Как ни странно, мне с вами привычнее и «удобнее» из-за вашей теперешней полусмущенной враждебности, из-за вернувшейся моей боязни вас лишиться, из-за чего-то знакомо-обидного, что мной угадывалось и раньше – в подозрительной уклончивости ваших писем: в них проскальзывали похвалы каким-то неведомым друзьям, сухость тона явно умышленно скрашивалась неубедительной нежностью окончаний, да и самое откладывание вашего приезда (несмотря на благоразумные предлоги о квартире, деньгах и здоровьи) не могло быть невинным и случайным и меня постепенно готовило к безнадежности или борьбе. На вокзале появились и эти, неизвестные мне, друзья, нарушив интимность и обаяние встречи, разумеется, с вашего согласия (уже неоспоримое доказательство глубокой вашей отчужденности), и я сразу же вспомнил, как вас летом один провожал, и то, что невольно забыл отметить в тогдашнем болезненном своем возбуждении: вы сперва дельно и трезво нашли заказанное спальное место, переменили его на нижнее, умело сговорившись с кондуктором, аккуратно сосчитали вещи, проверили часы – и затем лишь позволили себе растрогаться. И всё же я тогда не обманывался, и ваша обычная осмотрительность не предвещала отрыва или ухода, а эти бесконечные месяцы и эти вежливые молодые люди вас, пожалуй, от меня и отучили и увели.

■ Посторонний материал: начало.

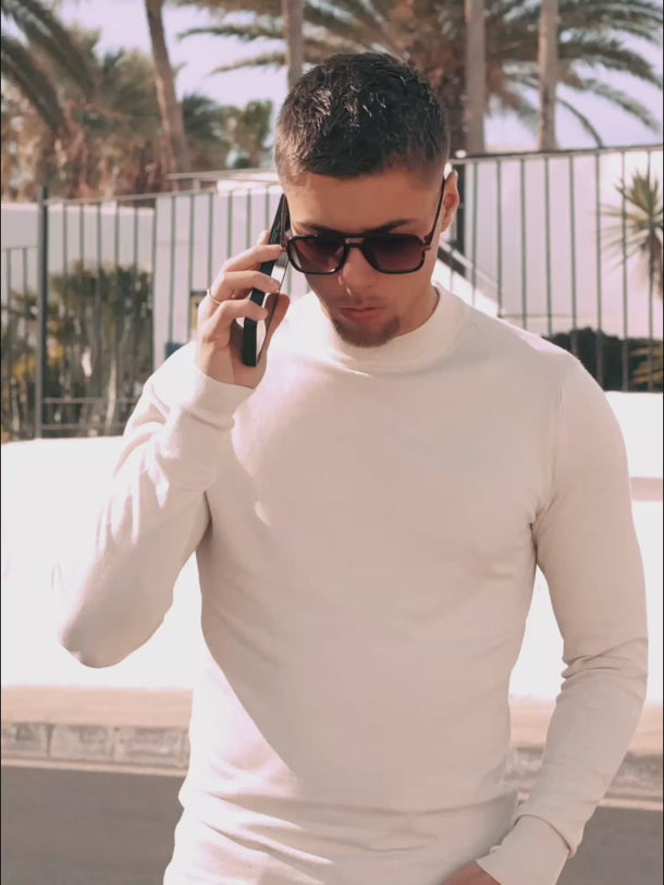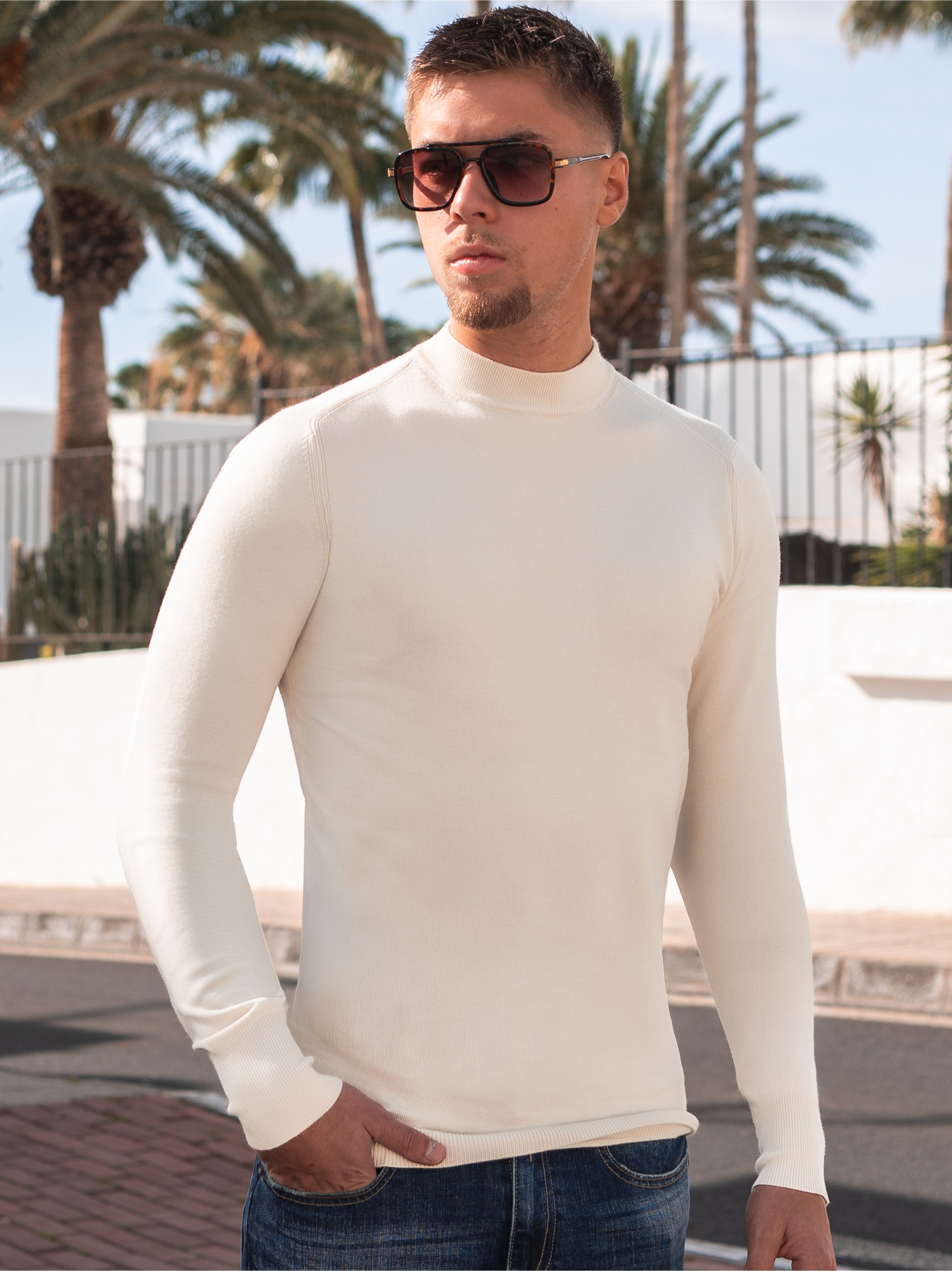 The Hollum Sugar is the ultimate essential for a clean, high-end look. This pullover features a minimalist design with a stylish mock-neck collar, offering a sophisticated alternative to the classic crewneck. The 'Sugar' color is a fresh, light beige tone that brings a bright and premium energy to your outfit.

Правда, ваши приятели заранее выехали из Канн, чтобы снять вам квартиру по вашей же просьбе, и, значит, им следовало быть на вокзале, вас как-то устроить и куда-то направить, но мне это представилось еще оскорбительнее, чем неудавшаяся наша встреча: я по-детски обиженно задавал себе вопросы (упиваясь их безответностью и вашей несправедливостью) – почему вы не поручили хлопот и поисков мне, разве я вам не ближе, не услужливей и внимательней, разве с точностью не знаю ваших истинных вкусов. Вы, по-видимому, не совсем ко мне охладели, что-то поняли и постарались меня успокоить, шутливо заявив о моем равнодушии к обстановке, о моей лени, о вашем нежелании напрасно меня утруждать, и вскоре я убедился в несомненной вашей правоте: «дельные мальчики» (как вы их благодарно и весело окрестили) отвезли нас по новому адресу, познакомили с консьержкой, показали квартиру, старомодно-буржуазно-уютную, и затем с милой дискретностью нас оставили вдвоем, и пока вы перемещали кресла, развешивали картины, я (пытаясь быть полезным, вбивая какие-то гвозди) нетерпеливо и мрачно возмущался этой будто бы ненужной суетой – мне действительно безразлична была всякая обстановка, если она некрикливая и хоть немного удобная, я слеп ко всему, что не волнует, что непосредственно не живет, что не люди, не души, не любовь, и (продолжая вам помогать) ждал одного, когда вы кончите «суетиться», когда мы усядемся и поговорим.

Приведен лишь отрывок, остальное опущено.